Last year, I was pregnant during Advent, which made it much more meaningful for me. I felt the longing expectation deeply, the mystery of the womb hiding the most precious gift. I found myself so present to the Advent season, that I missed out on Christmas! You see, I’m a procrastinator. I’ve been one all my life, and this bad character trait has made me too aware of what the 11th hour is. And my procrastination has created some new ‘traditions’ in our family that I don’t want to keep – decorating the tree on Christmas Eve, sending out Epiphany cards (too late for Christmas), buying all the Christmas gifts on the 23rd and 24th. . . you get the idea. All the warm fuzzy Advent feelings are squashed into oblivion when Christmas rolls around. I feel a sense of relief when Christmas Day is over, and then to top it off, I miss the Christmas season entirely.
I’m kinda missing the point. In a reeaalllly bad way.

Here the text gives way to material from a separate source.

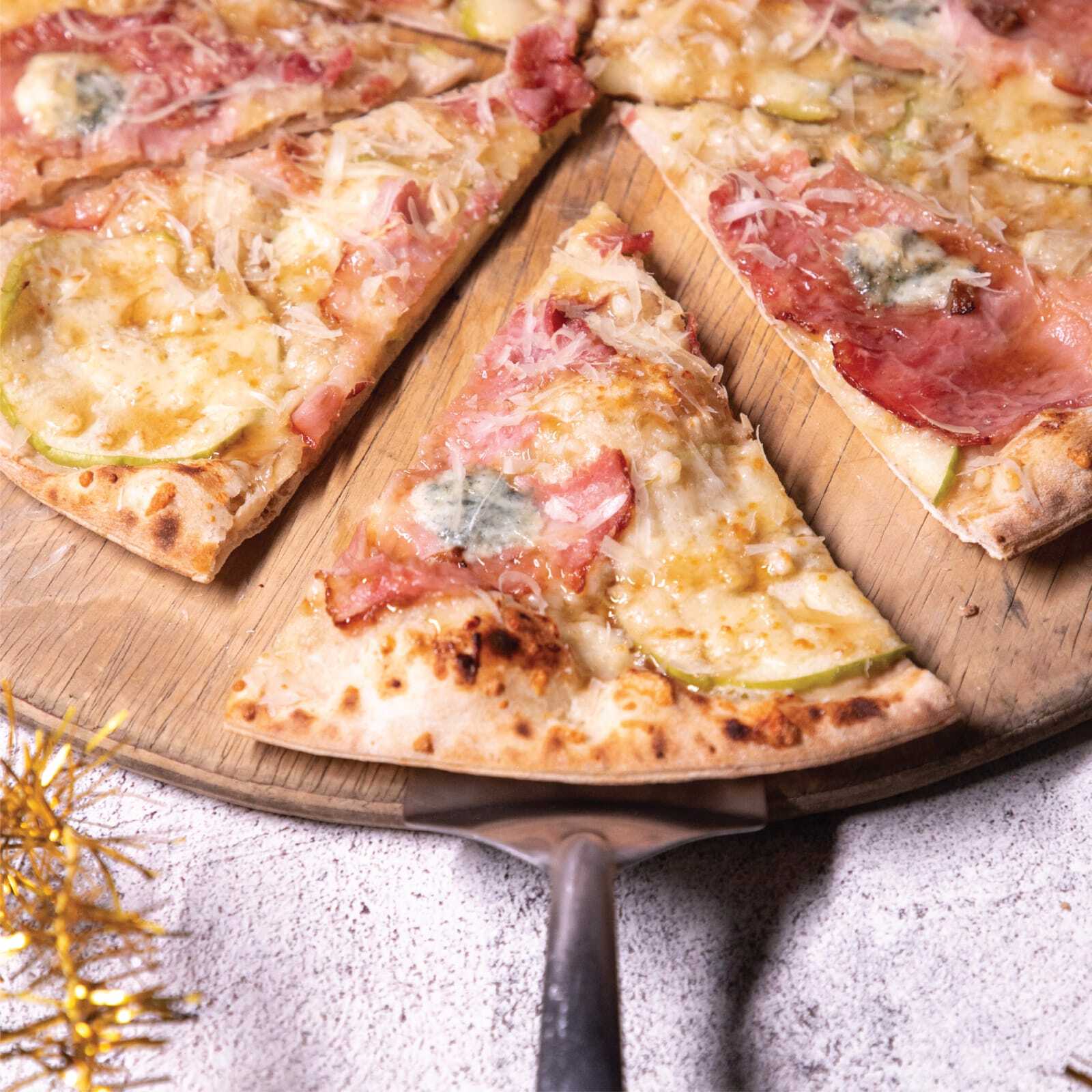 Una Pizza Muy Americana. El Sabor y Aroma Delicado que Posee, es Capaz de Satisfacer a Cualquiera. (manzana verde, ajo asado, queso azul, tocino, parmesano y miel de maple)

This year, I plan on shopping online. (Last one on the boat, that’s me!) This week, I’ll be buying gifts, making cookies, sending cards. BEFORE Advent. If I can accomplish ANY of this, it will be better. I’ve given up trying to beat myself up with perfection. Better is better than perfection is perfect. Gifts are nice, but Jesus is better. Since I’m not disciplined enough to keep Christ in Christmas, I’ll remove everything else so He will be the only thing left. I’m also going to make sure I plan for Christmas, not just Advent. BEFORE either one arrives.
If all goes according to plan, then hopefully I will be open to God’s plan for me – embracing the Infant Jesus in all His majesty, and holding Him all the way through His baptism, then carrying Him out into the world with me, keeping Him in my heart all year long.